= Exercise objective =
Apart from the pictures, which must be omitted, restate the data exactly.

= Source data =
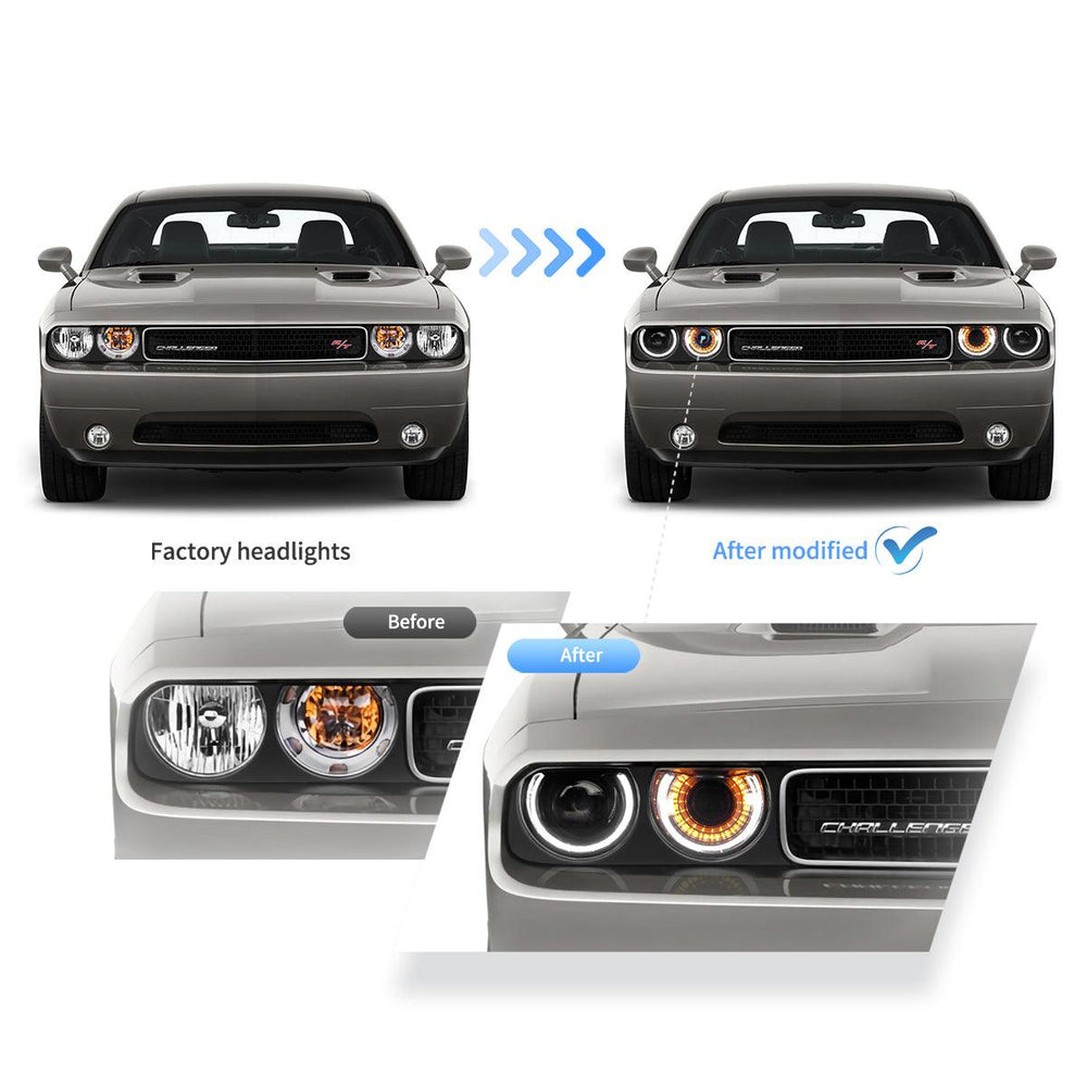 - Fit For 08-14 Dodge Challenger 3th Gen Pre-Facelift Plug and Play Both Stock with Halogen Headlight And Stock With HID/Xenon Headlight
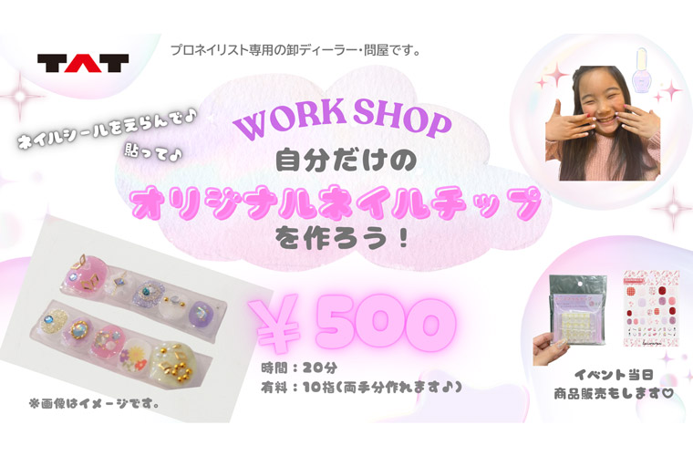 何度も使えるネイルチップ作りを体験していただけます。(10指分:¥500)
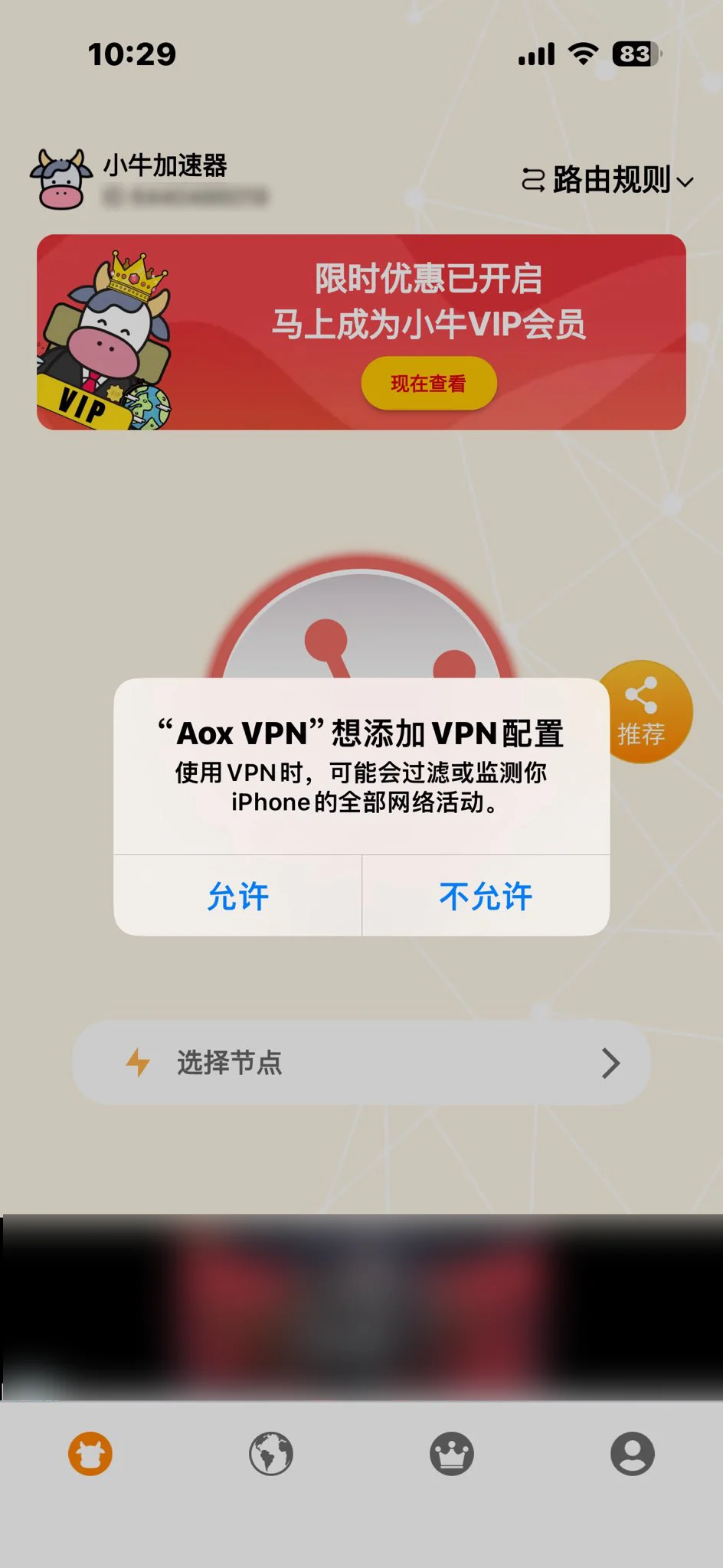 遇到此情况可能说明您的手机中在下载完成后,打开 app,出现选择是否将小牛加速器加入您 VPN 设置中,您选择了 “不允许”。解决办法: 先滑动彻底退出小牛加速器,重新进入,此时选择允许小牛加速器加入到您 VPN 设置中,您就可以正常使用 VPN 了。

= Exercise response =
 - Fit For 08-14 Dodge Challenger 3th Gen Pre-Facelift Plug and Play Both Stock with Halogen Headlight And Stock With HID/Xenon Headlight
 何度も使えるネイルチップ作りを体験していただけます。(10指分:¥500)
 遇到此情况可能说明您的手机中在下载完成后,打开 app,出现选择是否将小牛加速器加入您 VPN 设置中,您选择了 “不允许”。解决办法: 先滑动彻底退出小牛加速器,重新进入,此时选择允许小牛加速器加入到您 VPN 设置中,您就可以正常使用 VPN 了。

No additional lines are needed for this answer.